Saved data entries:

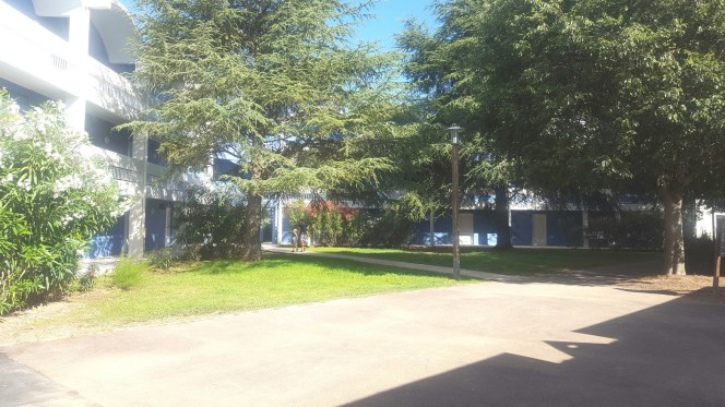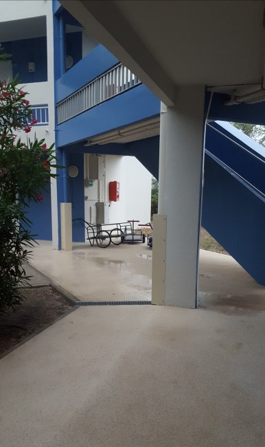 Imaginons que nous sortions du bâtiment d’accueil pour aller vers mon appartement mais en passant par l’intérieur. Pratique un jour d’orage vous verrez.
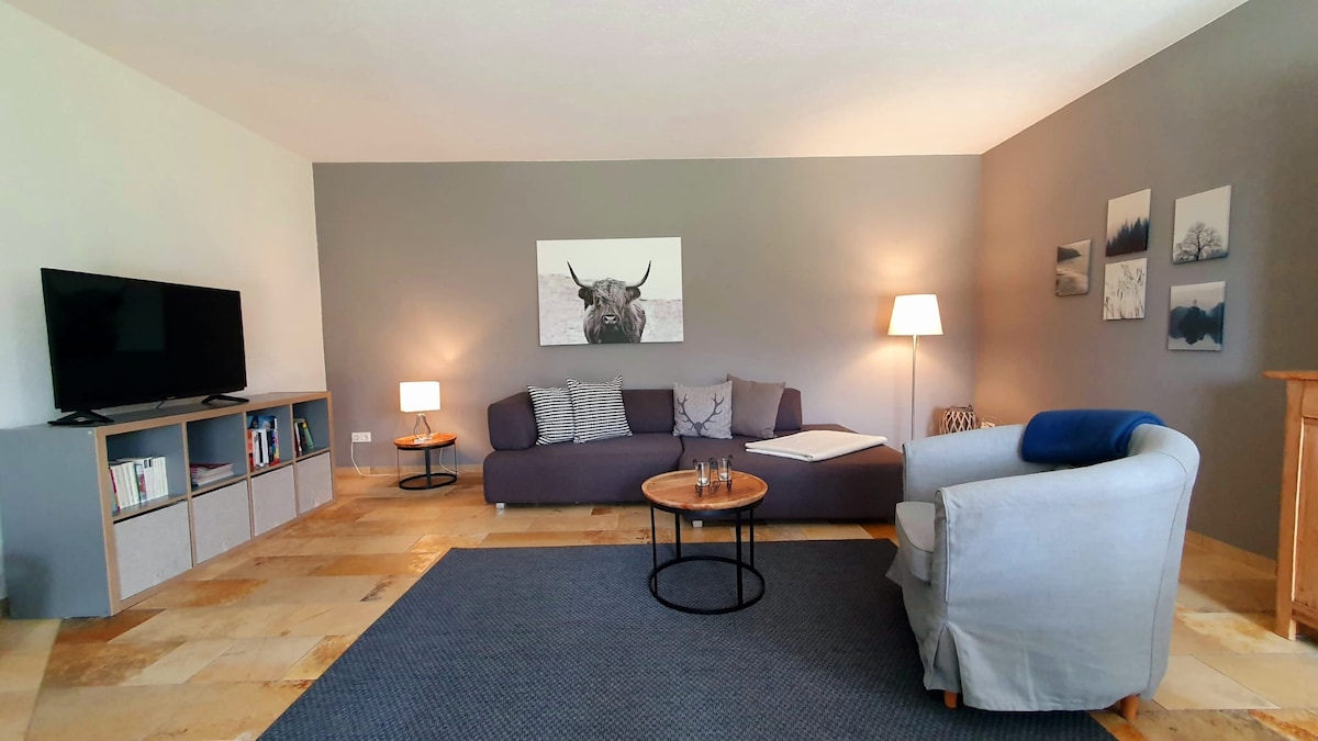 Die Wohnung im Erdgeschoss befindet sich in einem ehemaligen Bauernhaus und wurde komplett neu eingerichtet. Sie eignet sich für 2 - 3 Personen. Das Haus verfügt über einen grossen Garten mit verschiedenen Sitzplätzen zur Mitbenutzung, sowie eine Garage im Haus. In näherer Umgebung gibt es Einkaufsmöglichkeiten für den täglichen Bedarf. Der Stadtpark (Japanischer Garten) neben dem Freibad ist in 5 Minuten zu Fuss erreichbar.
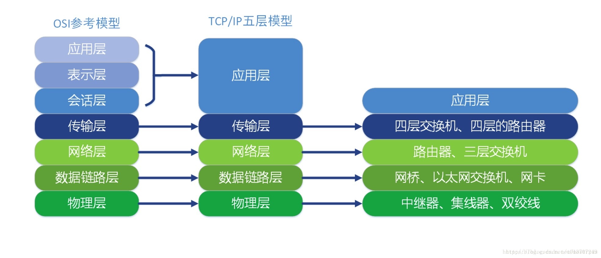 OSI七层和TCP/IP五层以及对应网络设备对比示例图
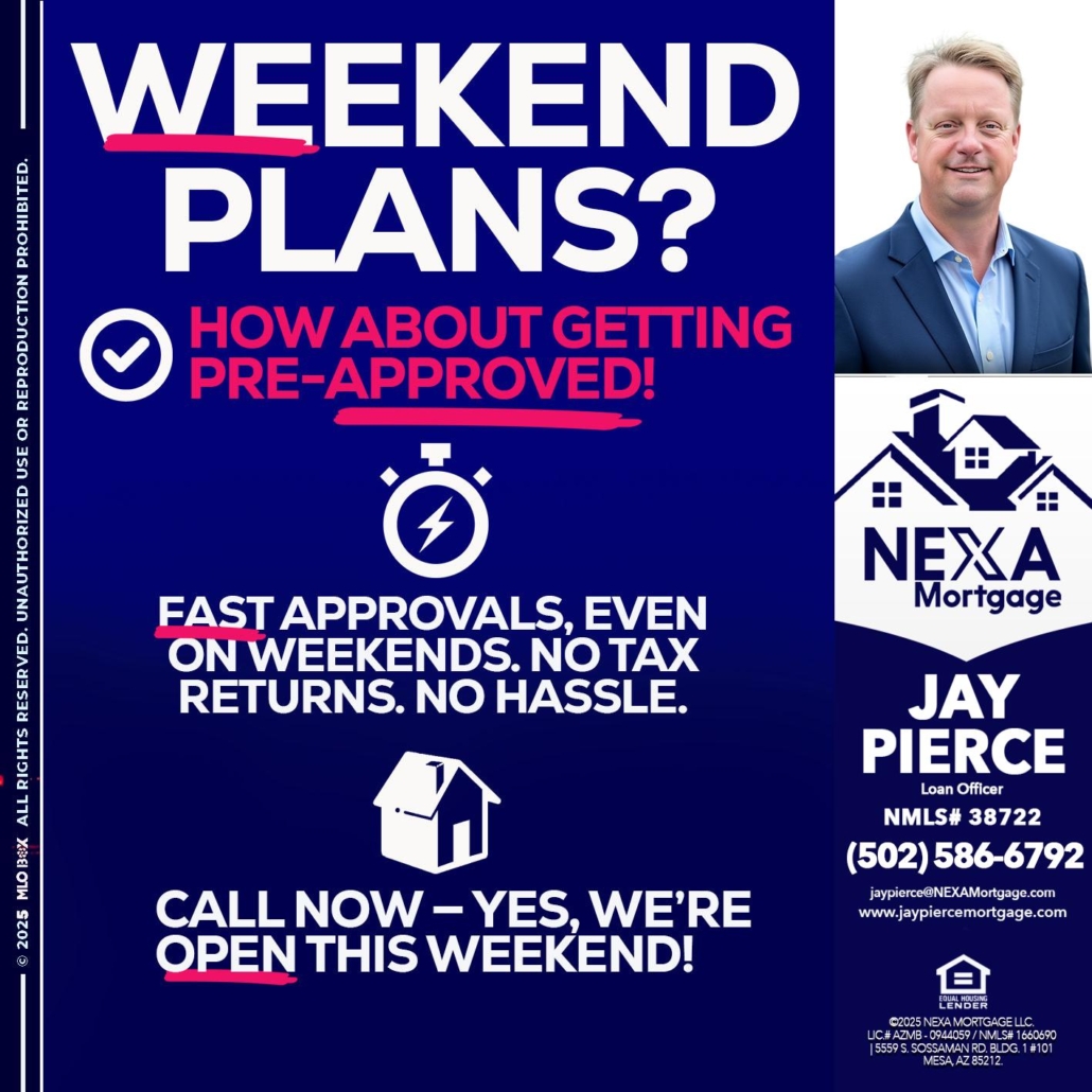 Hi, my name is Jay Pierce. I’m a Loan Officer with NEXA Mortgage LLC., offering personalized mortgage solutions, fast customized quotes, great rates and service with integrity.
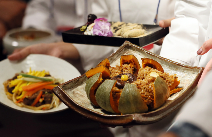 아세안 8개국 참가자들이 26일 오전 서울 중구 한식문화관에서 열린 '한-아세안 특별정상회의 연계 아세안 한식요리 콘테스트 결승'에서 쌀을 이용해 직접 만든 한식요리를 선보이고 있다.
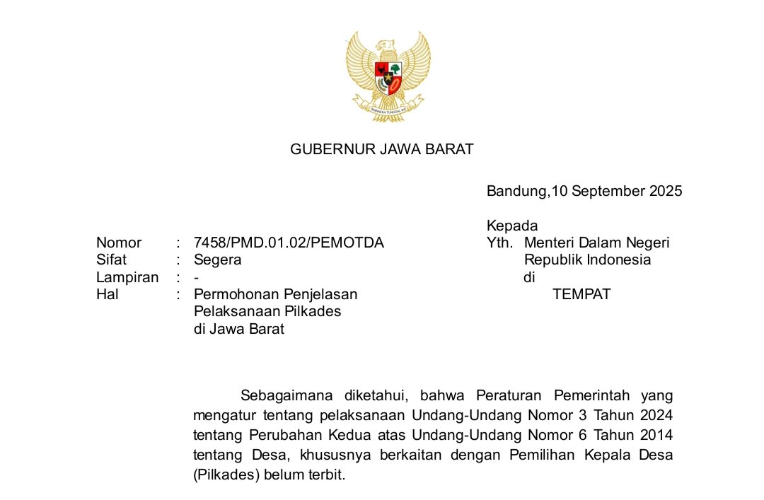 Kerikil, Bandung – Gubernur Jawa Barat, Dedi Mulyadi, menegaskan sudah mengirimkan surat permohonan penjelasan pelaksanaan Pilkades di Jawa Barat pada tahun 2025 kepada Menteri Dalam Negeri Tito Karnavian, Rabu (10/9/2025).
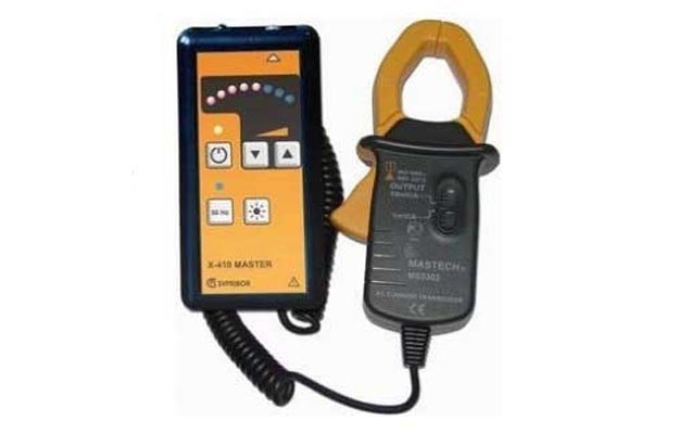 X-410 Master. Отборник кабеля "свой-чужой" диаметром до 29 мм. Замкнутый магнитопровод отборника позволяет безошибочно отбирать свой кабель в пучке кабелей. Отбор кабеля производят по сигналу генератора ГК-310А-2 или ГК-мини. Генератор подключают к жиле или экрану (оболочке) кабеля, которые заземлены на дальнем конце. Другой вывод генератора подключают к земле. Сигнал от генератора протекает по жиле (экрану) на землю через заземление на дальнем конце и через емкость "экран-земля". По соседним заземленным кабелям часть тока возвращается на станцию к генератору.

• _Directions for this task_:
In the entries above, find the line that contains "아세안 8개국 참가자들이" and the line that contains "Kerikil, Bandung –". Reproduce exactly those two lines and every line between them, but not the pictures.

• _Response box_:
 아세안 8개국 참가자들이 26일 오전 서울 중구 한식문화관에서 열린 '한-아세안 특별정상회의 연계 아세안 한식요리 콘테스트 결승'에서 쌀을 이용해 직접 만든 한식요리를 선보이고 있다.
 Kerikil, Bandung – Gubernur Jawa Barat, Dedi Mulyadi, menegaskan sudah mengirimkan surat permohonan penjelasan pelaksanaan Pilkades di Jawa Barat pada tahun 2025 kepada Menteri Dalam Negeri Tito Karnavian, Rabu (10/9/2025).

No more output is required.